Their model crushes it on closed-system tasks (97.3% on MATH-500, 2029 Codeforces rating) where success criteria are clear. This makes sense - RL thrives when you can define concrete rewards. Clean feedback loops in domains like math and coding make it easier for the model to learn what "good" looks like.

What's counterintuitive is they achieved this without the usual supervised learning step. This hints at a potential shift in how we might train future models for well-defined domains. The MIT license is nice, but the real value is showing you can bootstrap complex reasoning through pure reinforcement.

The challenge will be extending this to open systems (creative writing, cultural analysis, etc.) where "correct" is fuzzy. You can't just throw RL at problems where the reward function itself is subjective.

This feels like a "CPU moment" for AI - just as CPUs got really good at fixed calculations before GPUs tackled parallel processing, we might see AI master closed systems through pure RL before cracking the harder open-ended domains.

The business implications are pretty clear - if you're working in domains with clear success metrics, pure RL approaches might start eating your lunch sooner than you think. If you're in fuzzy human domains, you've probably got more runway.




Interestingly this point was indicated by Karpathy last summer that RLHF is barely RL. He said it would be very difficult to apply pure reinforcement learning on open-domains. This is why RLHF are a shortcut to fill this gap but still because the reward model is trained on human vibes checks the LLM could easily game the RM by giving out misleading responses or gaming the system.

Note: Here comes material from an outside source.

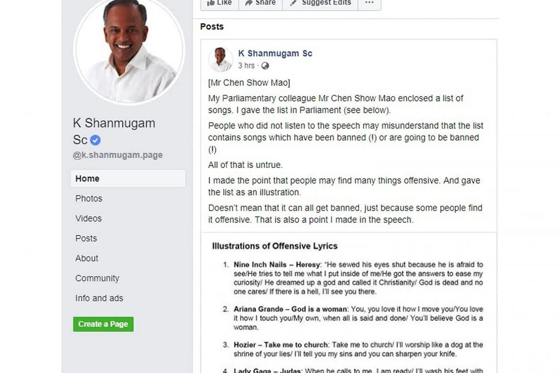 CONTOH LAGU YANG MUNGKIN DIANGGAP OFENSIF: Encik Shanmugam berkata senarai lagu yang diberikannya di Parlimen kelmarin adalah contoh lagu dengan lirik yang boleh dianggap ofensif oleh orang ramai, tetapi ia tidak bermakna semua lagu tersebut akan diharamkan. - Foto TANGKAP LAYAR FACEBOOK K. SHANMUGAM -

Importantly the barrier is that open domains are too complex and too undefined to have a clear reward function. But if someone cracks that — meaning they create a way for AI to self-optimize in these messy, subjective spaces — it'll completely revolutionize LLMs through pure RL.

Here's the link of the tweet: https://x.com/karpathy/status/1821277264996352246


The whole point of RLHF is to make up for the fact that there is no loss function for a good answer in terms of token ids or their order. A good answer can come in many different forms and shapes.

That’s why all those models fine tuned on (instruction, input, answer) tuples are essentially lobotomized. They’ve been told that, for the given input, only the output given in the training data is correct, and any deviation should be “punished”.

In truth, for each given input, there are many examples of output that should be reinforced, many examples of output that should be punished, and a lot in between.

When BF Skinner used to train his pigeons, he’d initially reinforce any tiny movement that at least went in the right direction. For example, instead of waiting for the pigeon to peck the lever directly (which it might not do for many hours), he’d give reinforcement if the pigeon so much as turned its head towards the lever. Over time, he’d raise the bar. Until, eventually, only clear lever pecks would receive reinforcement.

We should be doing the same when taming LLMs from their pretraining as document completers into assistants.


Layman question here since this isn't my field: how do you achieve success on closed-system tasks without supervision? Surely at some point along the way, the system must understand whether their answers and reasoning are correct.


In their paper, they explain that "in the case of math problems with deterministic results, the model is required to provide the final answer in a specified format (e.g., within a box), enabling reliable rule-based verification of correctness. Similarly, for LeetCode problems, a compiler can be used to generate feedback based on predefined test cases."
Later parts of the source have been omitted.